Larsen Anders S, Rekis Toms, Madsen Anders Ø
Department of Pharmacy, University of Copenhagen, Copenhagen, Denmark.
Science. 2024 Aug 2;385(6708):522-528. doi: 10.1126/science.adn2777. Epub 2024 Aug 1.
X-ray crystallography provides a distinctive view on the three-dimensional structure of crystals. To reconstruct the electron density map, the complex structure factors [Formula: see text] of a sufficiently large number of diffracted reflections must be known. In a conventional experiment, only the amplitudes [Formula: see text] are obtained, and the phases ϕ are lost. This is the crystallographic phase problem.
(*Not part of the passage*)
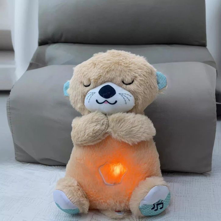 Breathing Little Otter Animal Plush Doll Baby Child Comfort Accompany Music Doll Soft Coax Boneka bercahaya
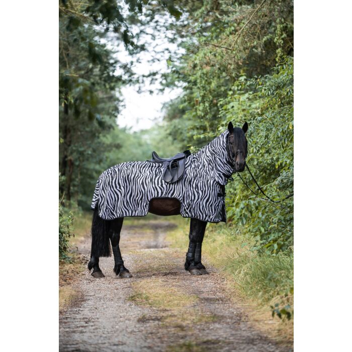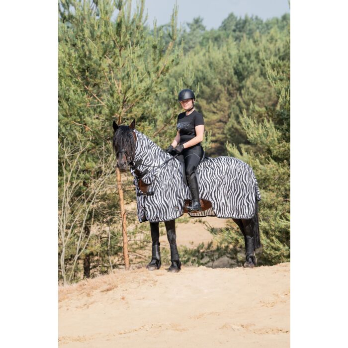 Manta anti-moscas -Zebra-, Manta anti-moscas -Zebra- protección del caballo contra insectos irrompible correa para cola desenganchable protección de cuello fija hueco para la silla El mejor producto ecuestre de competición en tienda hípica El Estribo Alicante +34648425534

In this work, we show that a neural network, trained on millions of artificial structure data, can solve the phase problem at a resolution of only 2 angstroms, using only 10 to 20% of the data needed for direct methods. The network works in common space groups and for modest unit-cell dimensions and suggests that neural networks could be used to solve the phase problem in the general case for weakly scattering crystals.
X射线晶体学为晶体的三维结构提供了独特的视角。为了重建电子密度图,必须知道足够数量的衍射反射的复杂结构因子[公式:见正文]。在传统实验中,只能获得振幅[公式:见正文],而相位ϕ丢失了。这就是晶体学相位问题。在这项工作中,我们表明,一个在数百万个人造结构数据上训练的神经网络,仅使用直接法所需数据的10%到20%,就能在仅2埃的分辨率下解决相位问题。该网络适用于常见的空间群和适度的晶胞尺寸,并表明神经网络可用于在一般情况下解决弱散射晶体的相位问题。